United States Air Force general

St. Clair Streett (October 6, 1893 – September 28, 1970), known as "Bill", was a United States Air Force (USAF) major general and writer who first organized and led the Strategic Air Command (SAC). Streett served as aide to air power advocate General Billy Mitchell, and was viewed by General of the Air Force Henry H. Arnold as his own personal "troubleshooter".

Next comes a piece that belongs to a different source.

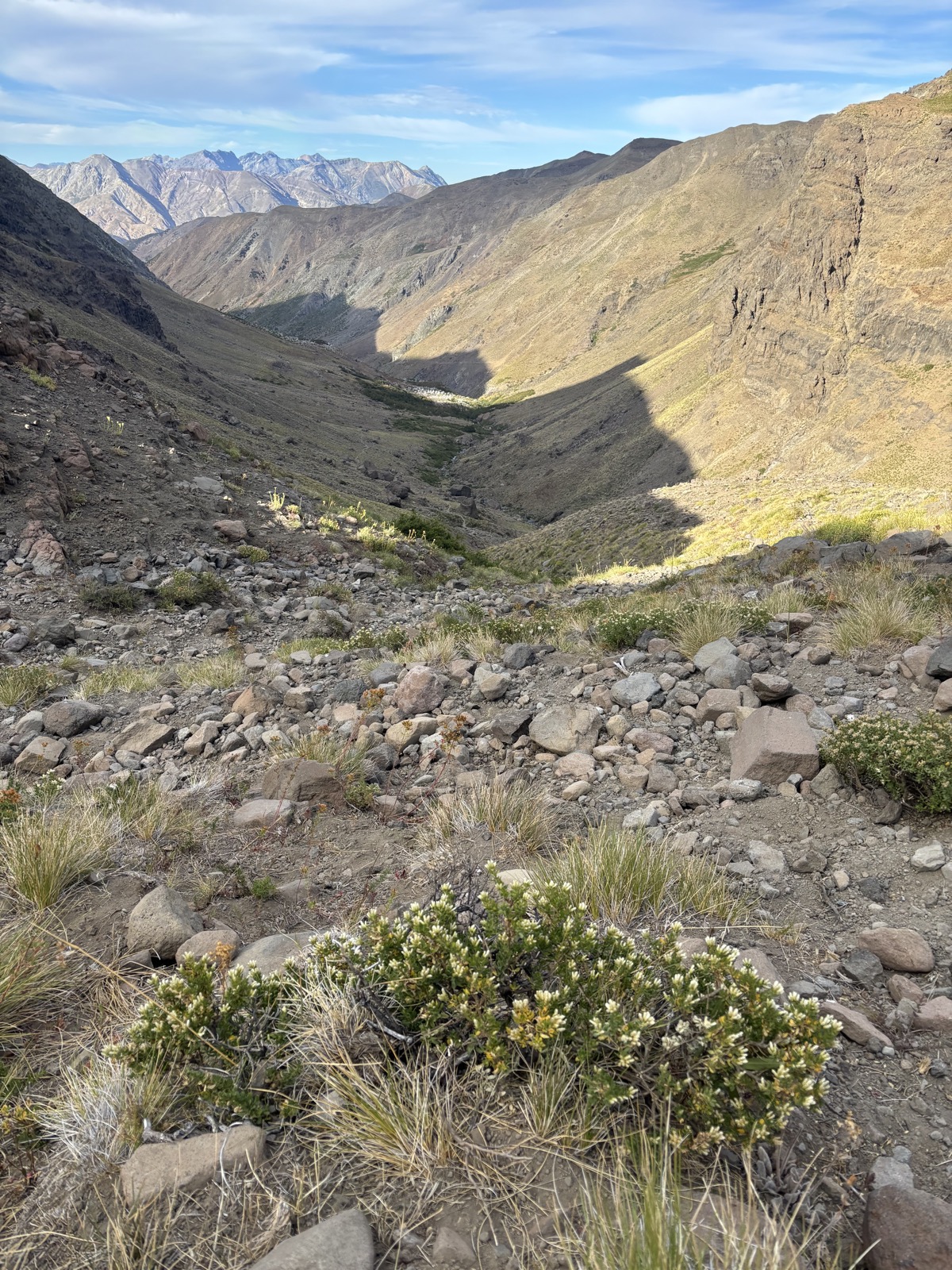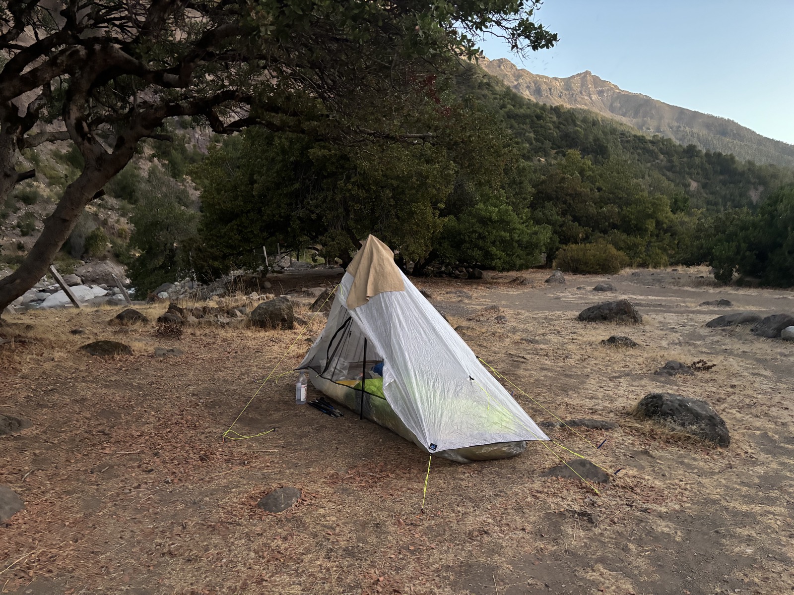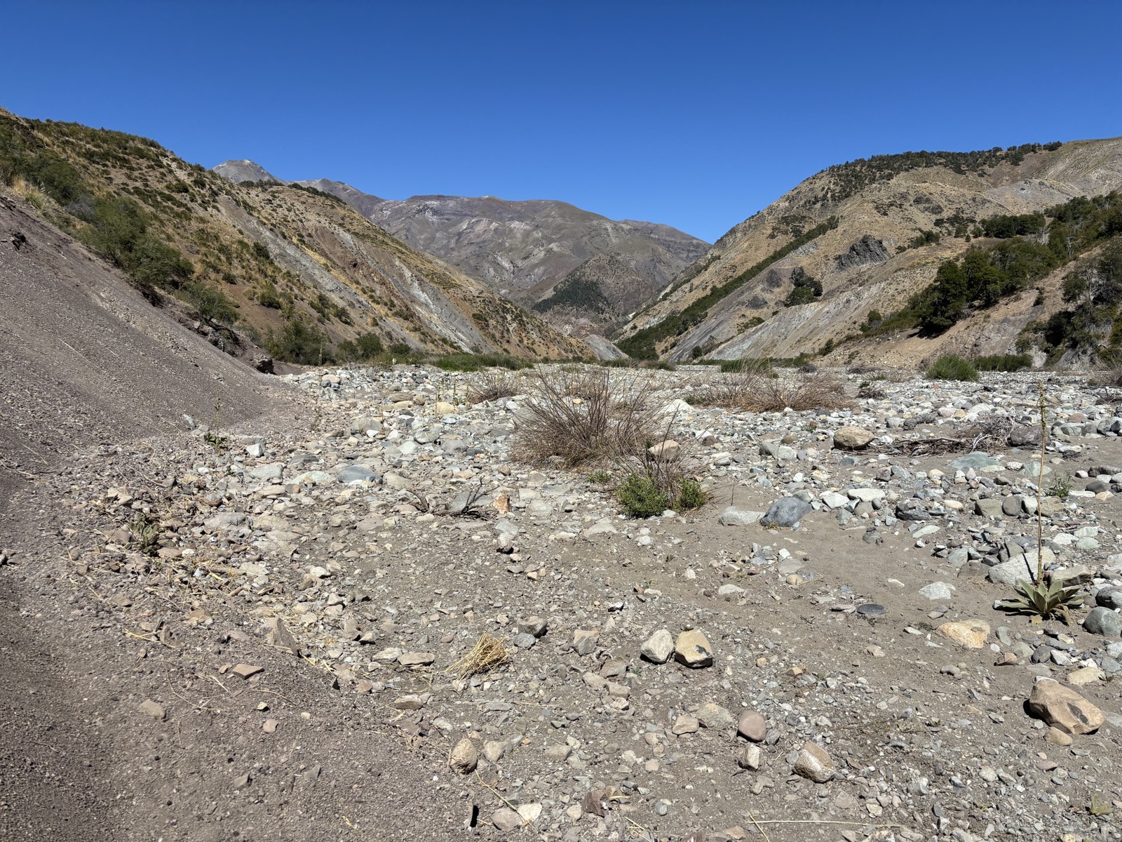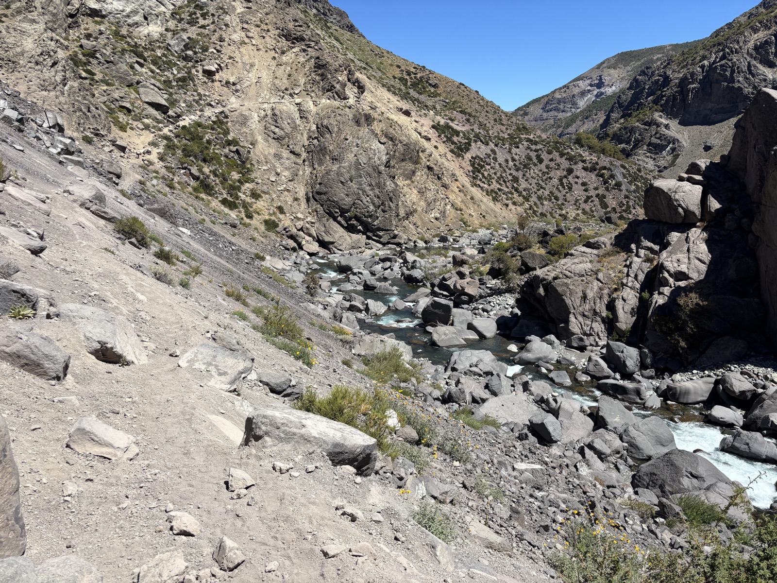 Někdy o půl sedmé dojdu na konec – El Inglés. Je tu kemp a přístup do řeky. Prve jsem myslel, že bych ještě dostopoval do nejbližšího městečka San Fabian, jenže tam bych nemusel snadno najít ubytko. Jsou tam nějaké cabaños, ale signál nemám, tak to nemám jak zkontrolovat. A navíc jsem špinavej a smradlavej, chtělo by to prve se okoupat a obléct do čistého. Jenže tím bych se zdržel. Možná nakonec bude nejlepší zůstat dnes tady v kempu a zítra ráno jet busem do San Fabian a pak dál až do Santiaga.

Earlier in his career, Streett served in France during the last stages of World War I. In 1920, he was awarded the Mackay Trophy and the Distinguished Flying Cross for leading a squadron of U.S. airmen on a pioneering air voyage from New York City to Nome, Alaska and back. Streett wrote of his squadron's difficulties in an article for National Geographic. Streett assisted Mitchell during the famous bombing demonstration against battleships. After participating in several air races, he made an exploratory flight to extreme altitude during which he experienced frozen flight controls, and then wrote a story about the adventure for Popular Science.

During World War II, Streett commanded various training units in Hawaii, Florida and Colorado, solving logistical, training, and personnel problems. In Washington, D.C., he led the Theater Group of the Operations Division in the Office of the Chief of Staff where he expressed grave misgivings about the role of General Douglas MacArthur in the Pacific War—some two years later Streett was sent to the South West Pacific Area to work under MacArthur commanding the Thirteenth Air Force during its first offensive drive.

With victory certain, Streett returned to the United States to organize for Arnold the Continental Air Forces (CAF), and then to expand its operation across the country. Streett retained command when the CAF turned into the SAC, and continued to experience friction with MacArthur. After retiring from the United States Air Force in 1952, Streett was named to the Sarnoff Commission, a presidential formation tasked with trimming unnecessary military spending.

==Early career==
St. Clair Streett was born on October 6, 1893, in Washington, D.C., the first child of Shadrach Watkins Streett and his wife, the former Lydia Ann Coggins. Streett was named for his grandfather, Dr. St. Clair Streett of Maryland. St. Clair is a family name originating from the mid-18th century when a Martha St. Clair married a John Streett in Maryland.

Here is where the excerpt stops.